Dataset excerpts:
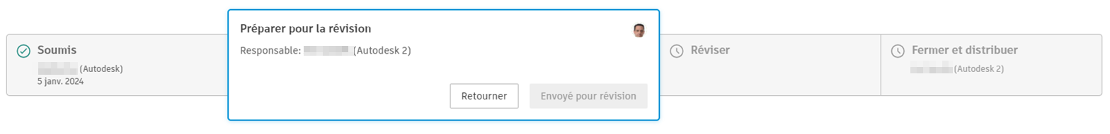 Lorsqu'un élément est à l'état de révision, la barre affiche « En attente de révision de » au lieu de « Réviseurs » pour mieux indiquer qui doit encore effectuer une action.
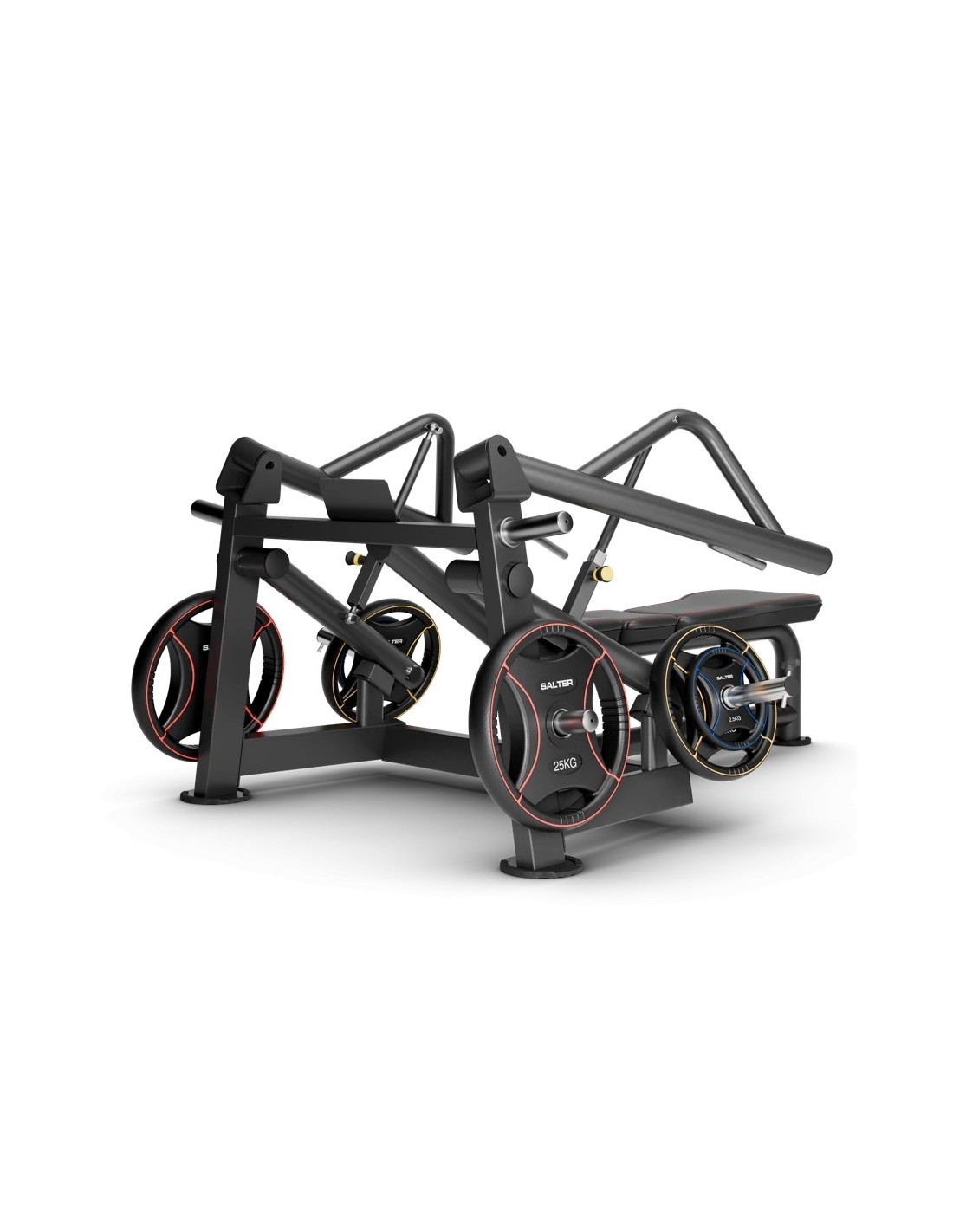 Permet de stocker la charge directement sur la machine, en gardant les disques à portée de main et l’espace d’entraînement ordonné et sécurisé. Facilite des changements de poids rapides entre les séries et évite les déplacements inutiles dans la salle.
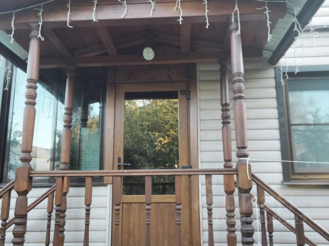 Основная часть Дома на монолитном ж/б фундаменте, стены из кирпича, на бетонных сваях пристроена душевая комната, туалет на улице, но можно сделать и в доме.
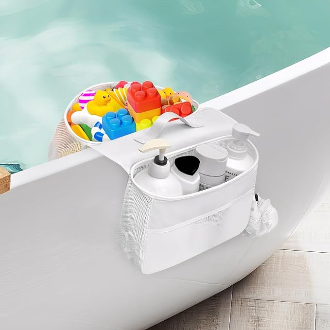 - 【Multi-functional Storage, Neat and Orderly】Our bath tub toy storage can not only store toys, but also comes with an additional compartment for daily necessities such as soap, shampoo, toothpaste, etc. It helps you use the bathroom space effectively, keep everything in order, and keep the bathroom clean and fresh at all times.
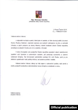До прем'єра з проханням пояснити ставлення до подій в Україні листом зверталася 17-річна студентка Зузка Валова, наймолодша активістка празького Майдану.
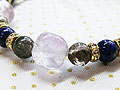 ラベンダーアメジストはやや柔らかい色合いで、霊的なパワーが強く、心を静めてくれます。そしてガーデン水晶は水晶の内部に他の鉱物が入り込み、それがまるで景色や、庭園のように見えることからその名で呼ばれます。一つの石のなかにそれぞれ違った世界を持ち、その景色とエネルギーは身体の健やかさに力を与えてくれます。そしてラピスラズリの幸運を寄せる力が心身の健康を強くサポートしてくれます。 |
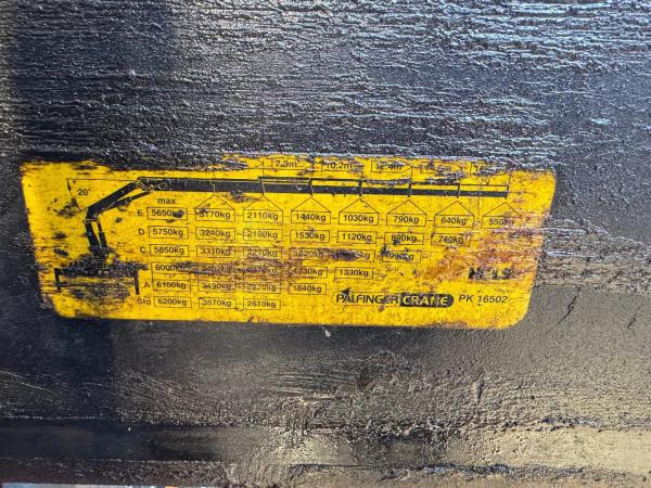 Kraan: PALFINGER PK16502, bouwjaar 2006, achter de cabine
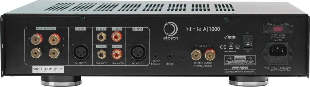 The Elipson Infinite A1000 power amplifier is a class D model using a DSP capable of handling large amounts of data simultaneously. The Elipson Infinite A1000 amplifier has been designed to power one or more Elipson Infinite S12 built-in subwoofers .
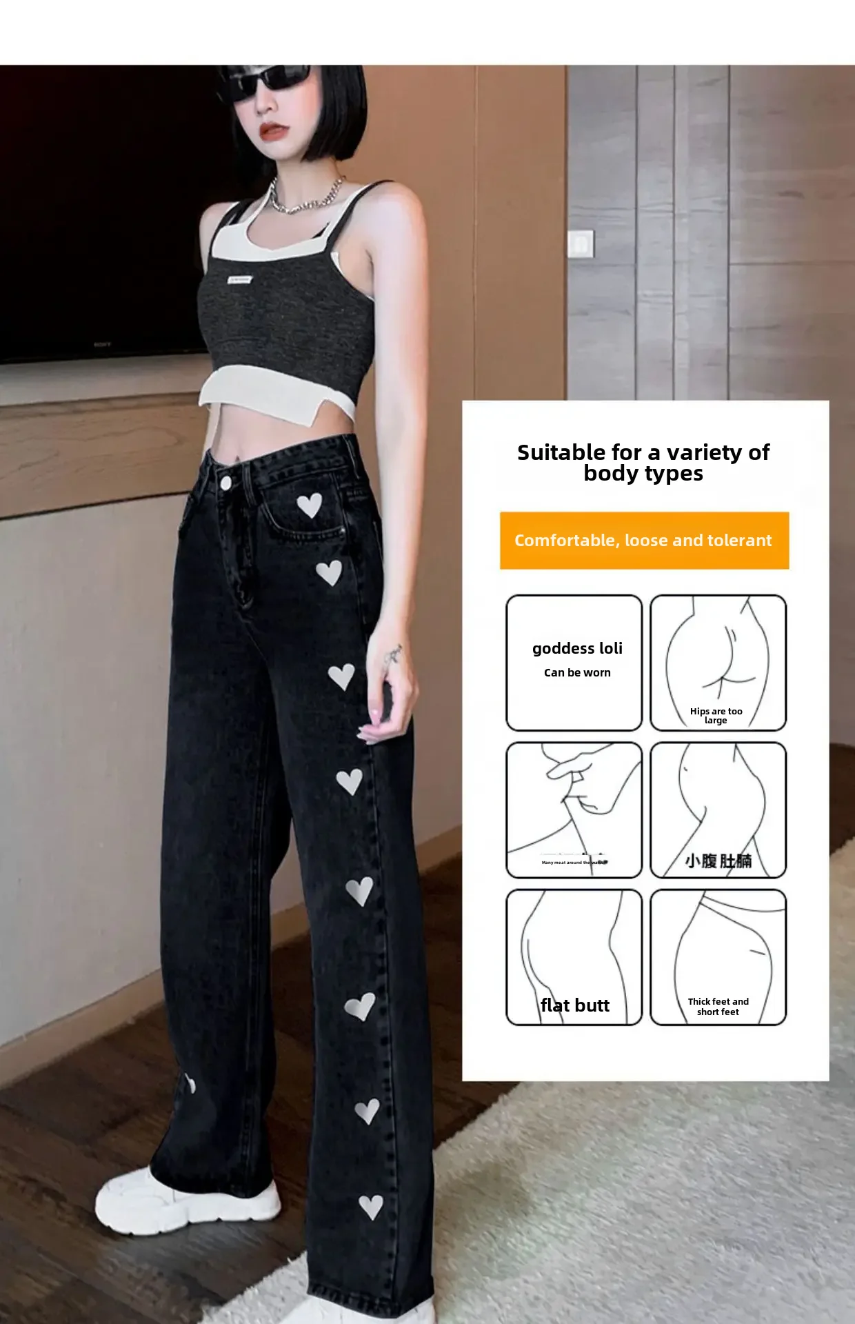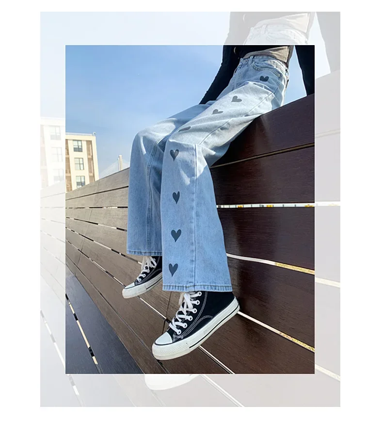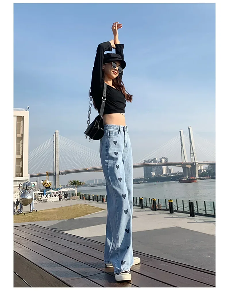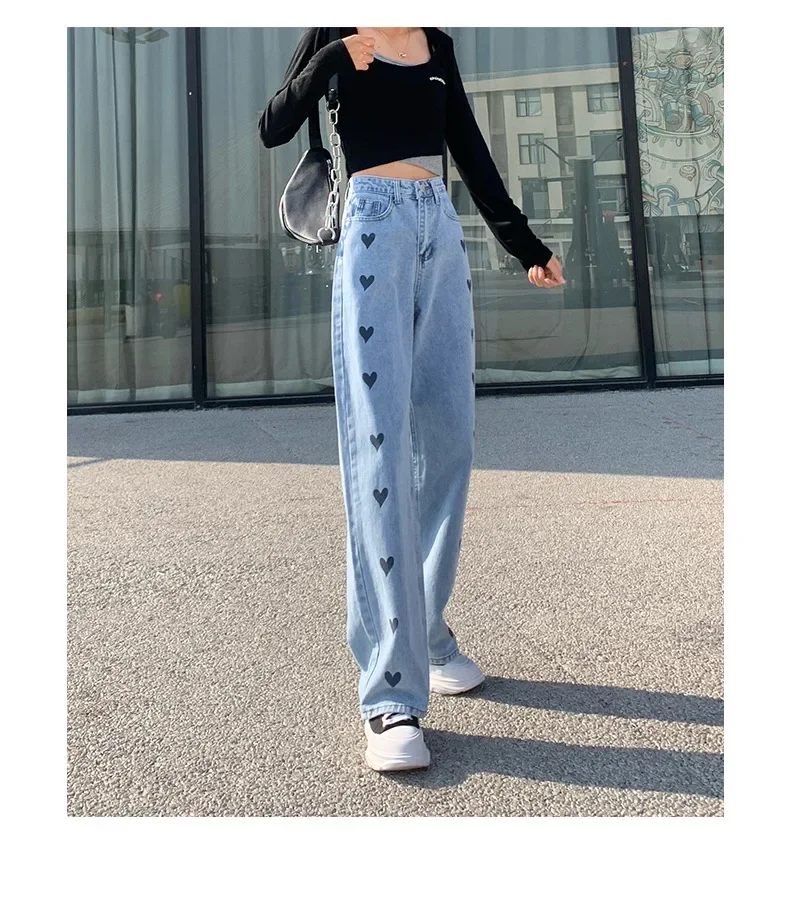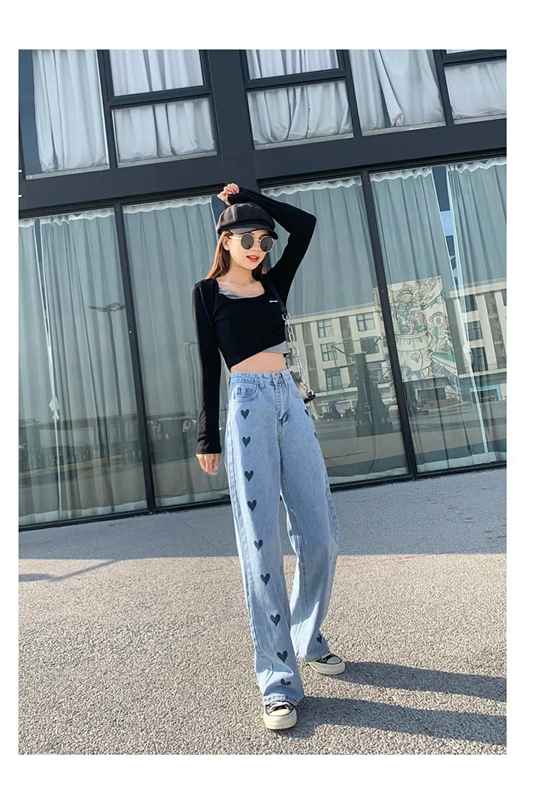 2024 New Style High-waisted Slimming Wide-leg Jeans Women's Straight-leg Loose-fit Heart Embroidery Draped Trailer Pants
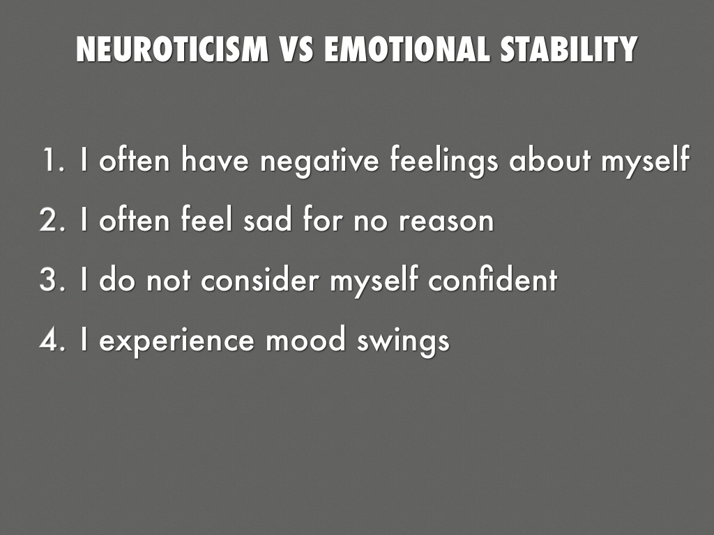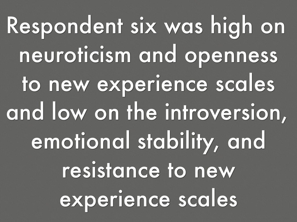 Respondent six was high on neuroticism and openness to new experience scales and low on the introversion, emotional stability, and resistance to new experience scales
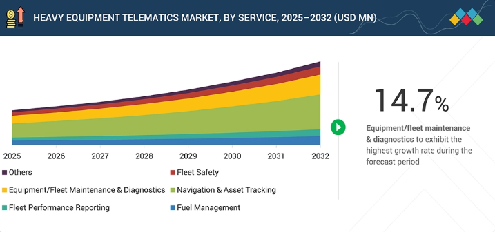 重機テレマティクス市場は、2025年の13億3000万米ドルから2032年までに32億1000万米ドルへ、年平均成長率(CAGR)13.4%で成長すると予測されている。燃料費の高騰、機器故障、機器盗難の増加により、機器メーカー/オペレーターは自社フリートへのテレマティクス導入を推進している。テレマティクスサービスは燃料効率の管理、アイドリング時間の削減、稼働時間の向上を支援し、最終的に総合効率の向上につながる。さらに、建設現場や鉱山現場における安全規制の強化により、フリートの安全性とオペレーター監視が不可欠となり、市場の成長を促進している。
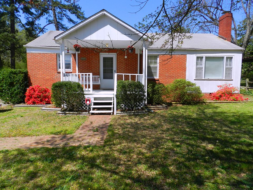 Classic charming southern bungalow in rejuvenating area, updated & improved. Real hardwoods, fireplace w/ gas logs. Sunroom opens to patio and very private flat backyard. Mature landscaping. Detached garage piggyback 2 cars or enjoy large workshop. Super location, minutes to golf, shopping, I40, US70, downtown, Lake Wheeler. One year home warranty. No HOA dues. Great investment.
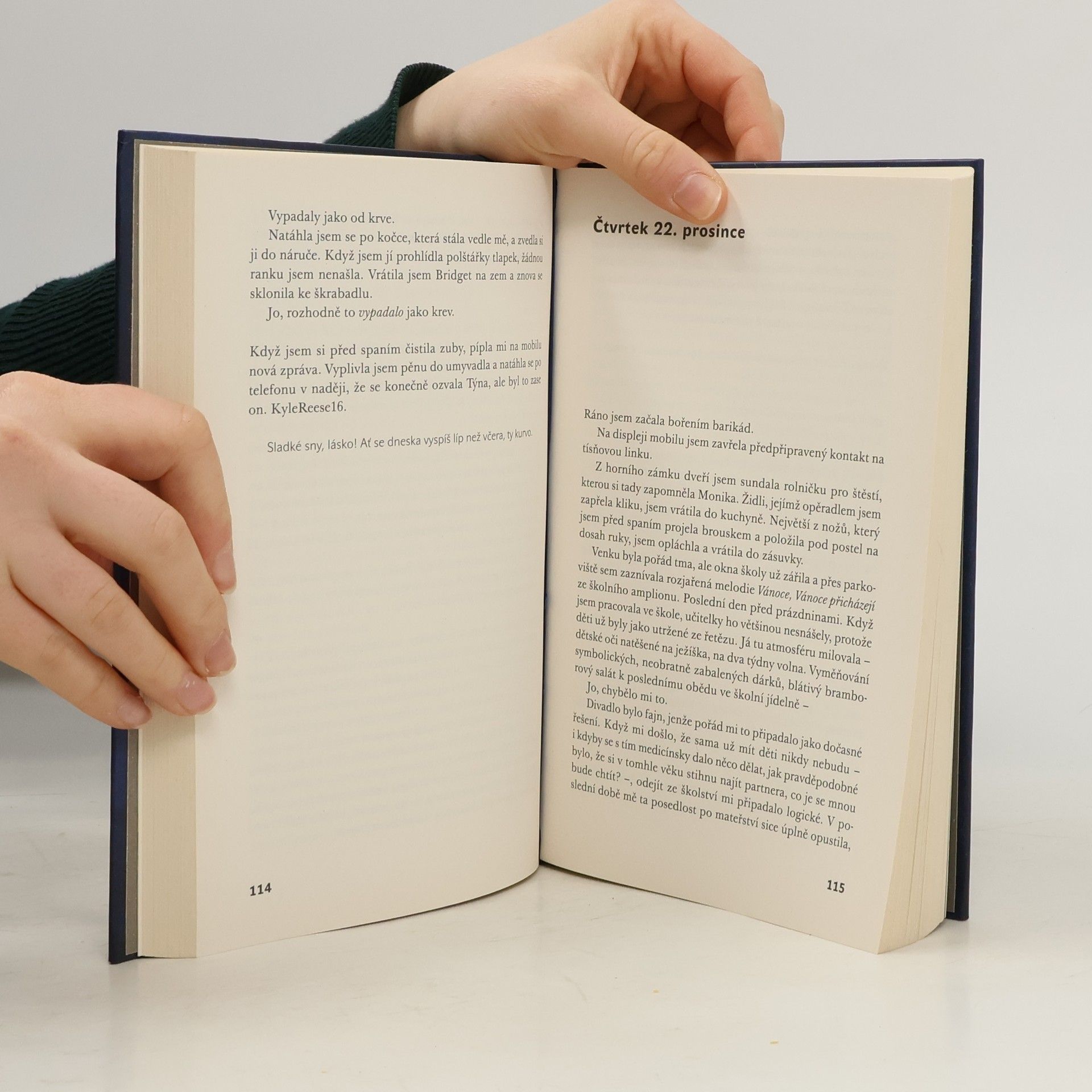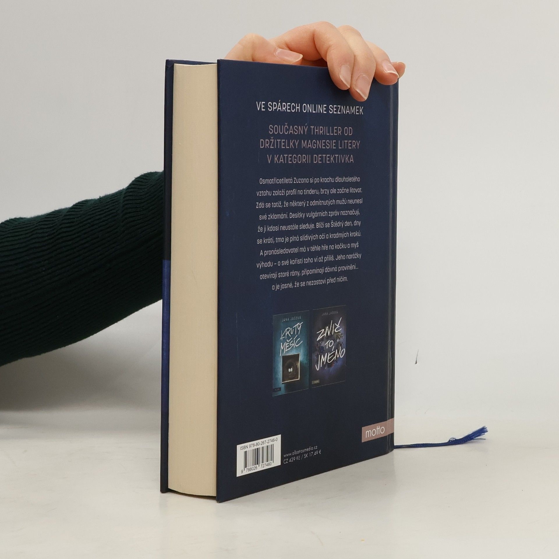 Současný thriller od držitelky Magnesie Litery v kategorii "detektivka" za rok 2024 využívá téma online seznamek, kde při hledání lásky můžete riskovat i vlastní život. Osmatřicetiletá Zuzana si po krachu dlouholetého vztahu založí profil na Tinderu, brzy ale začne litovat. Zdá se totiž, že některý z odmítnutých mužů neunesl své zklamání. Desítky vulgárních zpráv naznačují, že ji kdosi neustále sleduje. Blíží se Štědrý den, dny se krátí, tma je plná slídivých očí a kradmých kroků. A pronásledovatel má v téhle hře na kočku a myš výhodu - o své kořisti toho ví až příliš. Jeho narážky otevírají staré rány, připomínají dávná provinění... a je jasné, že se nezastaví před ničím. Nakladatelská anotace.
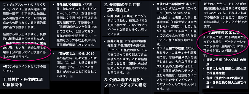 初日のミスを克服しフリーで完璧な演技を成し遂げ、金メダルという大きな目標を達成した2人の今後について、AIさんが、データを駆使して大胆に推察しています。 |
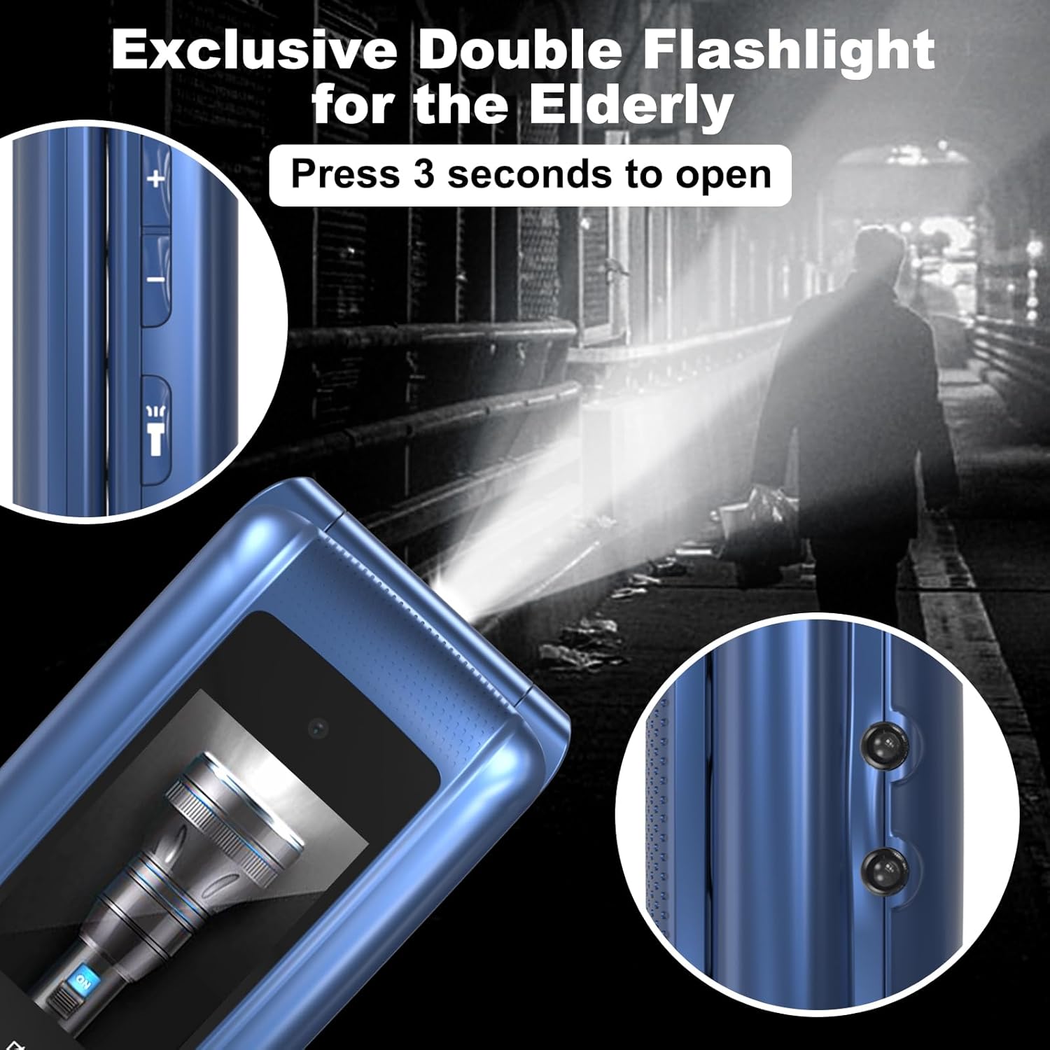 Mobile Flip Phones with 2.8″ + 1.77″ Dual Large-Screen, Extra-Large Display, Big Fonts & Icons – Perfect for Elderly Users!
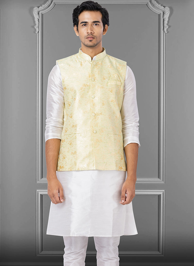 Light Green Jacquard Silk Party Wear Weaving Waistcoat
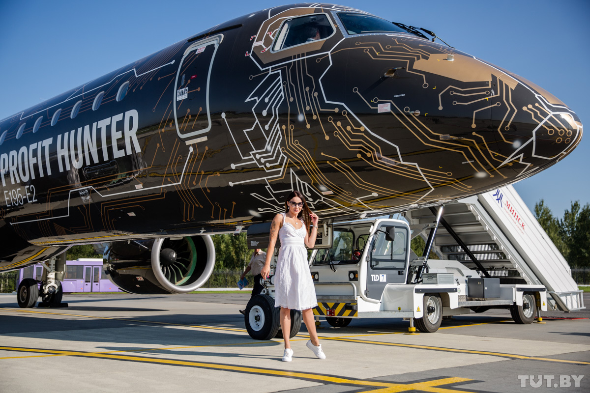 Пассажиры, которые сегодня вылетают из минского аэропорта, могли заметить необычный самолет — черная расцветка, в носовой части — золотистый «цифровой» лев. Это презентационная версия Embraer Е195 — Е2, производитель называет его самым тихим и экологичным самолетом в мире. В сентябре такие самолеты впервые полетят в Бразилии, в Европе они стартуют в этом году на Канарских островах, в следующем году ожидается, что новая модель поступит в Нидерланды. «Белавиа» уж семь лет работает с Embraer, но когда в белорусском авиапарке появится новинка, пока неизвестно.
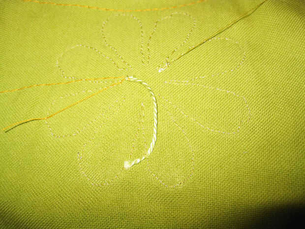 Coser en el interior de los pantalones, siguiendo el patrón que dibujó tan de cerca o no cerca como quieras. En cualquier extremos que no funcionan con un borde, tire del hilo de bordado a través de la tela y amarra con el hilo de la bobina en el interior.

(The problem): Beginning with the line above that has "Respondent six was" and going on through the line that has "Light Green Jacquard", retype every line exactly and add nothing else; drop the pictures.

(Solution):
 Respondent six was high on neuroticism and openness to new experience scales and low on the introversion, emotional stability, and resistance to new experience scales
 重機テレマティクス市場は、2025年の13億3000万米ドルから2032年までに32億1000万米ドルへ、年平均成長率(CAGR)13.4%で成長すると予測されている。燃料費の高騰、機器故障、機器盗難の増加により、機器メーカー/オペレーターは自社フリートへのテレマティクス導入を推進している。テレマティクスサービスは燃料効率の管理、アイドリング時間の削減、稼働時間の向上を支援し、最終的に総合効率の向上につながる。さらに、建設現場や鉱山現場における安全規制の強化により、フリートの安全性とオペレーター監視が不可欠となり、市場の成長を促進している。
 Classic charming southern bungalow in rejuvenating area, updated & improved. Real hardwoods, fireplace w/ gas logs. Sunroom opens to patio and very private flat backyard. Mature landscaping. Detached garage piggyback 2 cars or enjoy large workshop. Super location, minutes to golf, shopping, I40, US70, downtown, Lake Wheeler. One year home warranty. No HOA dues. Great investment.
 Současný thriller od držitelky Magnesie Litery v kategorii "detektivka" za rok 2024 využívá téma online seznamek, kde při hledání lásky můžete riskovat i vlastní život. Osmatřicetiletá Zuzana si po krachu dlouholetého vztahu založí profil na Tinderu, brzy ale začne litovat. Zdá se totiž, že některý z odmítnutých mužů neunesl své zklamání. Desítky vulgárních zpráv naznačují, že ji kdosi neustále sleduje. Blíží se Štědrý den, dny se krátí, tma je plná slídivých očí a kradmých kroků. A pronásledovatel má v téhle hře na kočku a myš výhodu - o své kořisti toho ví až příliš. Jeho narážky otevírají staré rány, připomínají dávná provinění... a je jasné, že se nezastaví před ničím. Nakladatelská anotace.
 初日のミスを克服しフリーで完璧な演技を成し遂げ、金メダルという大きな目標を達成した2人の今後について、AIさんが、データを駆使して大胆に推察しています。 |
 Mobile Flip Phones with 2.8″ + 1.77″ Dual Large-Screen, Extra-Large Display, Big Fonts & Icons – Perfect for Elderly Users!
 Light Green Jacquard Silk Party Wear Weaving Waistcoat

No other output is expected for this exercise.